EXERCISE AIM:
When the line with "Москва. 17 августа." turns up below, begin repeating exactly, and carry on through the line with "自分だけの収納空間が作れる『"; no pictures go into the copy.

◇ ◇ ◇ ◇ ◇

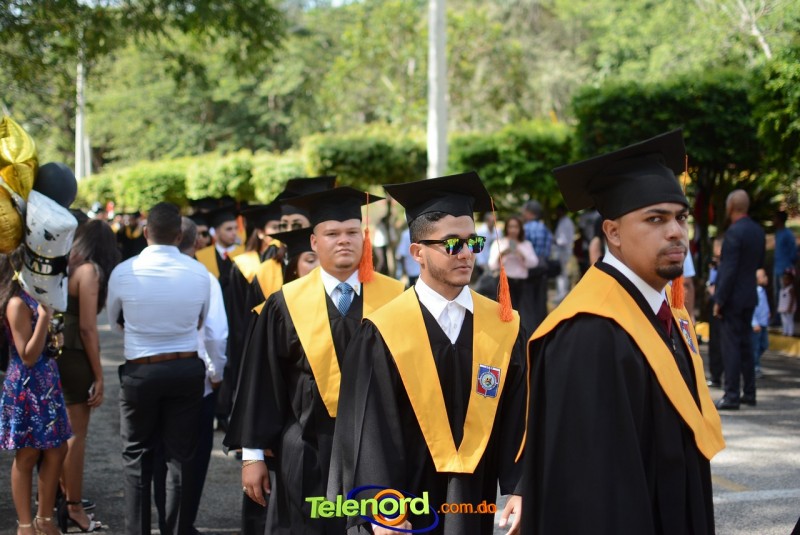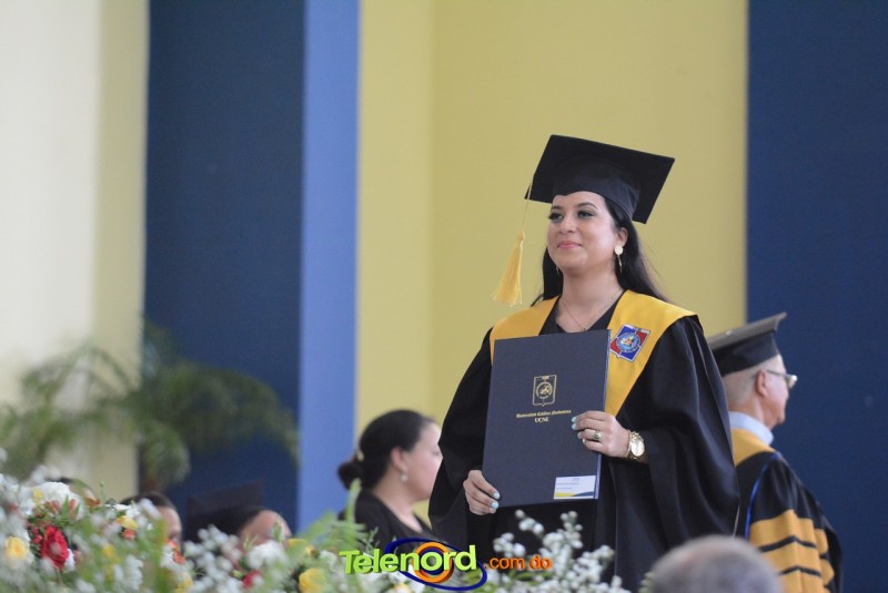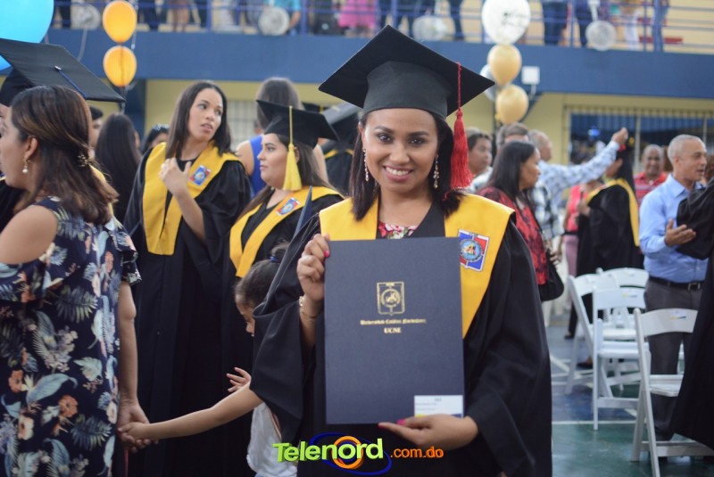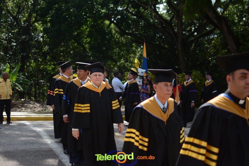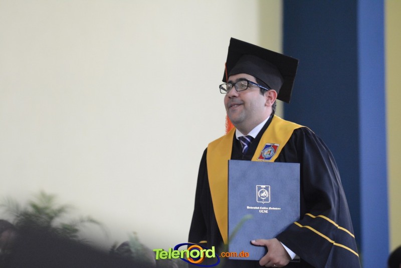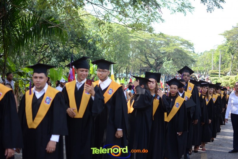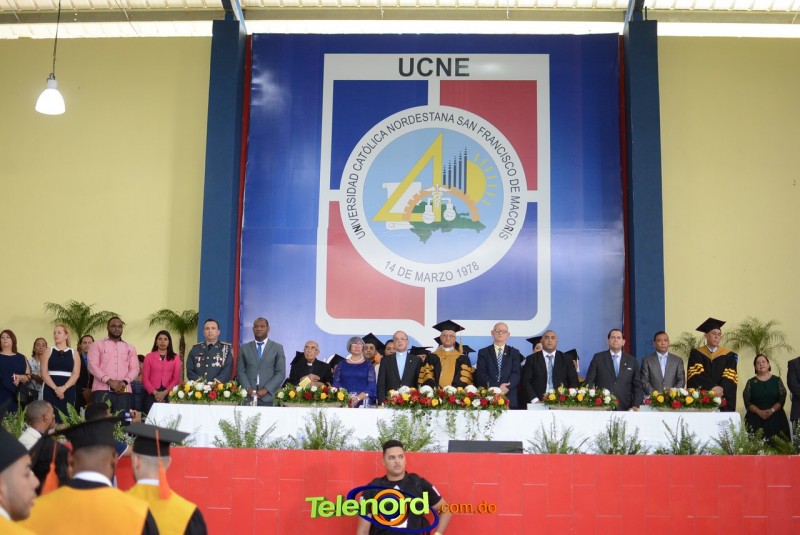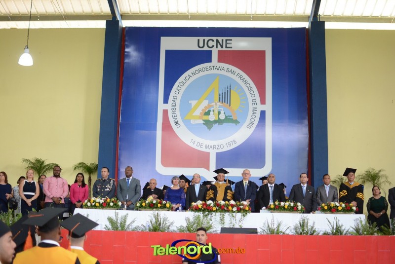 El acto inició con el desfile de los graduandos, dirigido por abanderados del cuerpo de bomberos de esta ciudad, donde posteriormente se procedió a la interpretación de las notas del himno nacional, a cargo de la banda municipal de música y del himno de la UCNE, a cargo del coro universitario.
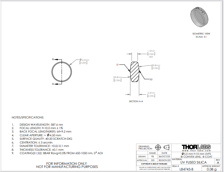 Thorlabs索雷博 LB4743-B 双凸透镜
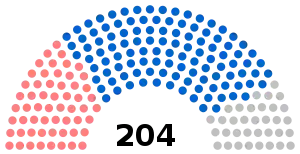 The Regional Council of Auvergne-Rhône-Alpes was created by the act on the delimitation of regions, regional and departmental elections and amending the electoral calendar of 16 January 2015, which went into effect on 1 January 2016 and merged the Regional Council of Auvergne and Regional Council of Rhône-Alpes,[1] consisting of 47 and 156 regional councillors, respectively, into a single body with 204 regional councillors, following regional elections on 6 and 13 December 2015.[2][3]
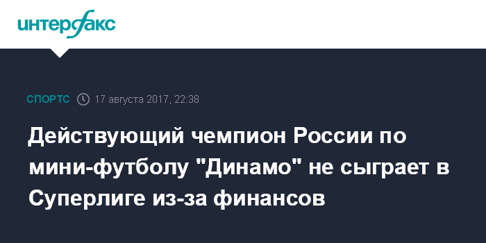 Москва. 17 августа. INTERFAX.RU - Действующий чемпион России, 11 кратный чемпион страны по мини-футболу московское "Динамо" официально сообщило о том, что не будет выступать в Суперлиге в сезоне-2017/18.
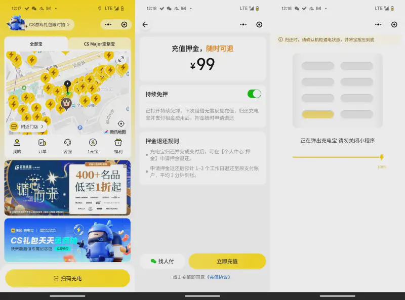 QRコードをWeChatで読み込み、いつでも返金してもらえるデポジット💰2,223円(99元)を支払うことで借りることができました.
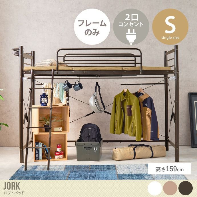 自分だけの収納空間が作れる『Jork(ジョーク)』ロフトベッド。べッド下は衣類やキッズ用品などの収納スペースとして活躍し、市販のカーテンを取り付けることができるため、急な来客時でもサッと隠せて、見た目もスッキリ。またちょっとした小物が置ける宮棚には2口コンセントを設置しており、ベッドから降りずにスマホの充電やライトや加湿器などお使いいただけます。さらに普通のベッドとしても使用できる2way仕様に。ライフスタイルに合わせてお使いいただけます。
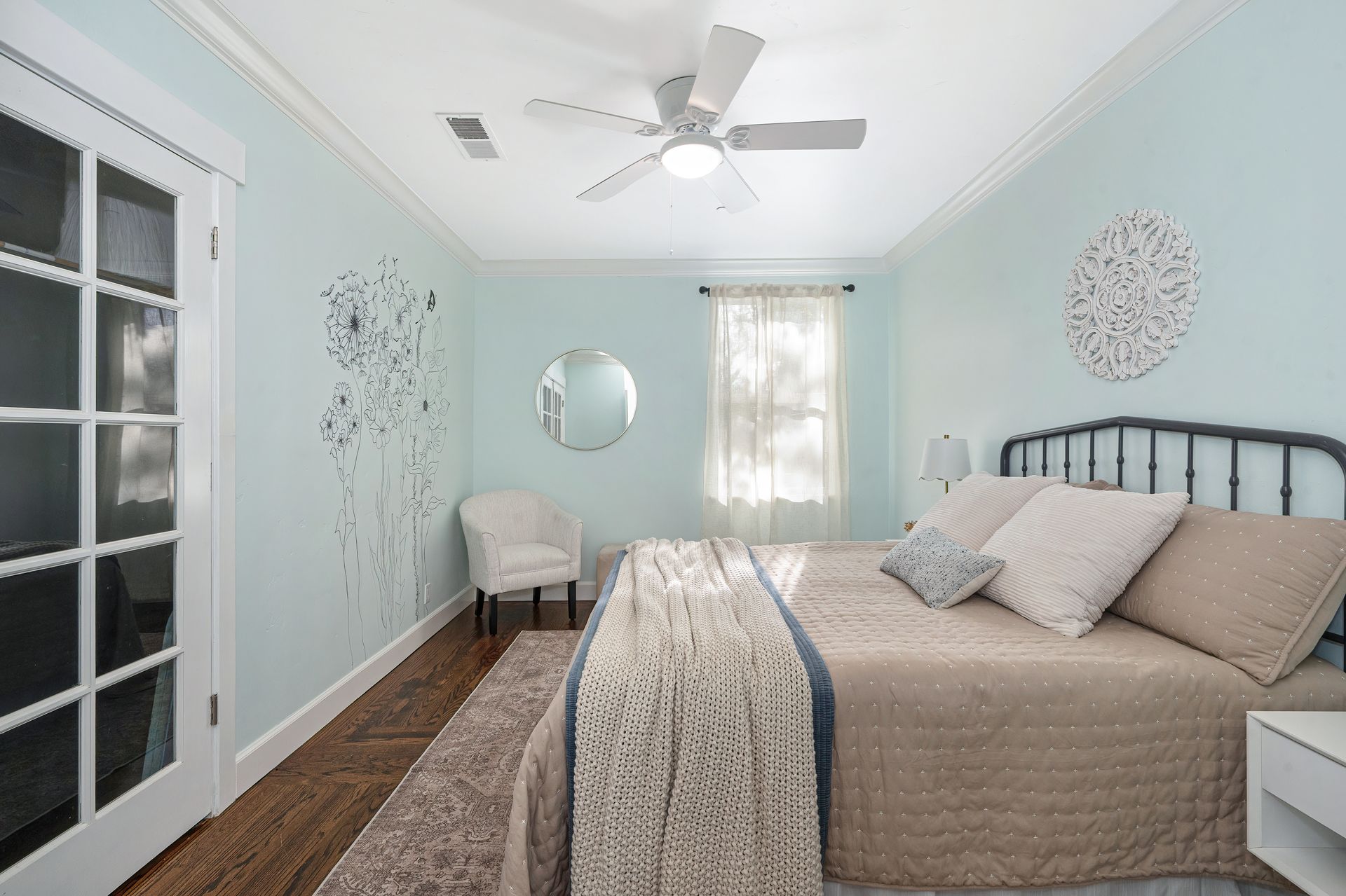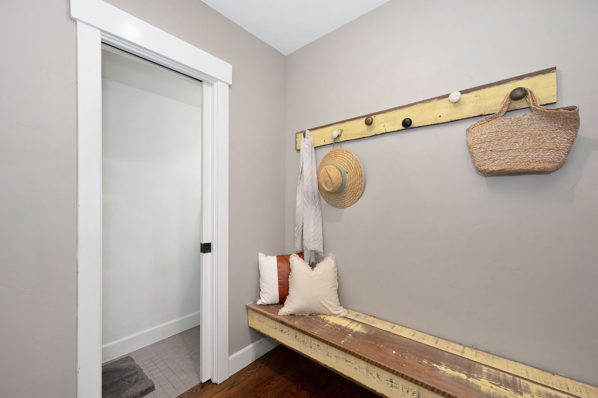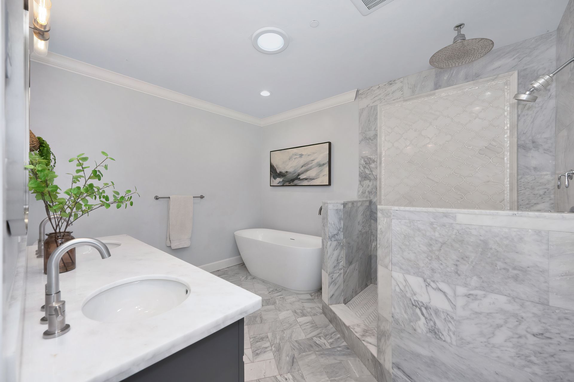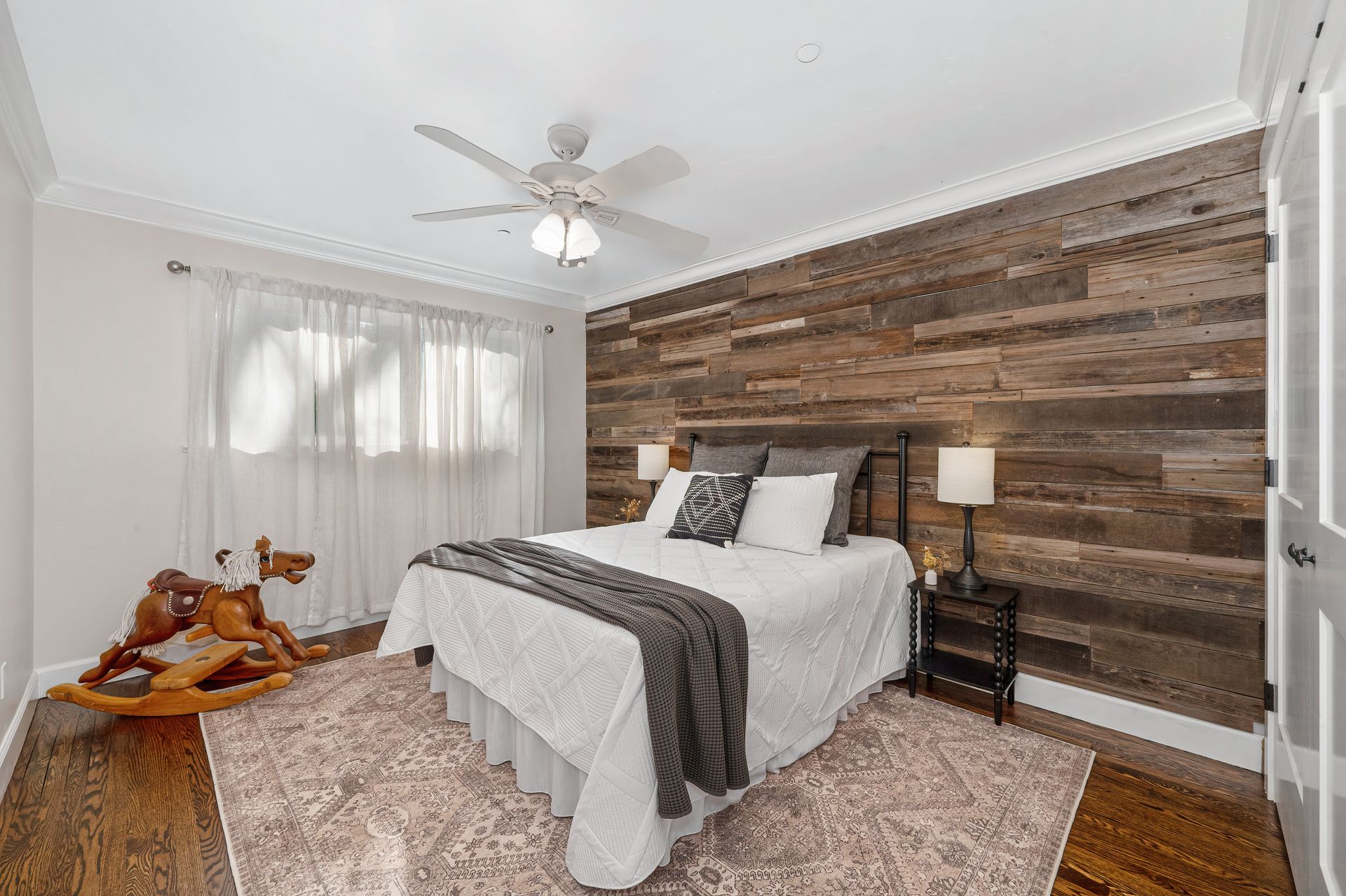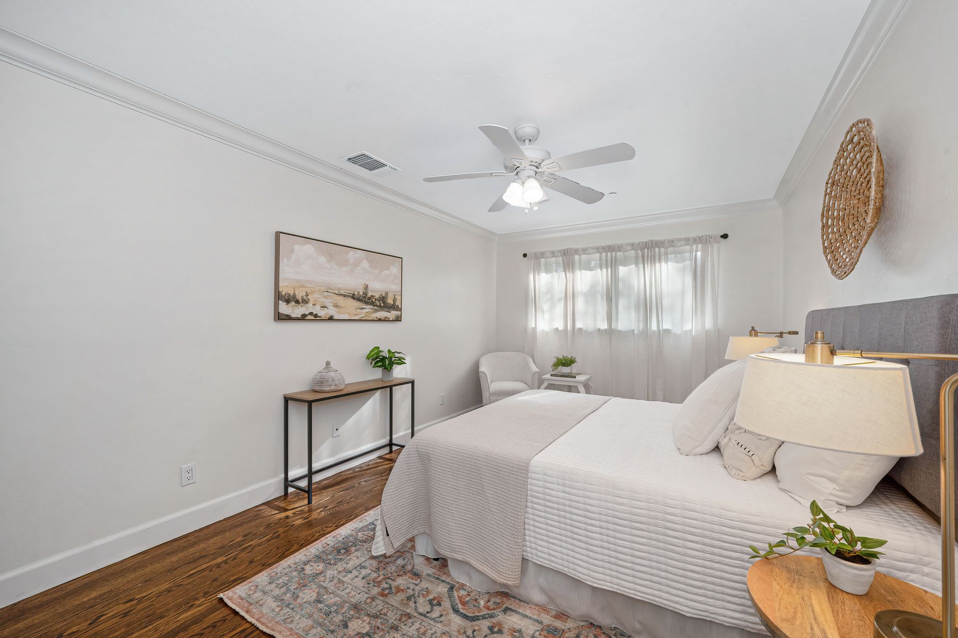 Extensively renovated down to the studs in 2015, this private gated property offers thoughtfully designed indoor and outdoor living with major system upgrades throughout. Inside, original hardwood floors (refinished in 2026), a wood-burning fireplace with stacked stone surround and a reclaimed wood mantel, and two inviting livable areas create a warm place to relax or gather. The open layout flows to a dining area with built-in cabinetry, granite counters, wine storage and refrigerator, while the secondary living room features exposed beams and new Berber carpet (March 2026).

◇ ◇ ◇ ◇ ◇

SOLUTION TO THE PROBLEM:
 Москва. 17 августа. INTERFAX.RU - Действующий чемпион России, 11 кратный чемпион страны по мини-футболу московское "Динамо" официально сообщило о том, что не будет выступать в Суперлиге в сезоне-2017/18.
 QRコードをWeChatで読み込み、いつでも返金してもらえるデポジット💰2,223円(99元)を支払うことで借りることができました.
 自分だけの収納空間が作れる『Jork(ジョーク)』ロフトベッド。べッド下は衣類やキッズ用品などの収納スペースとして活躍し、市販のカーテンを取り付けることができるため、急な来客時でもサッと隠せて、見た目もスッキリ。またちょっとした小物が置ける宮棚には2口コンセントを設置しており、ベッドから降りずにスマホの充電やライトや加湿器などお使いいただけます。さらに普通のベッドとしても使用できる2way仕様に。ライフスタイルに合わせてお使いいただけます。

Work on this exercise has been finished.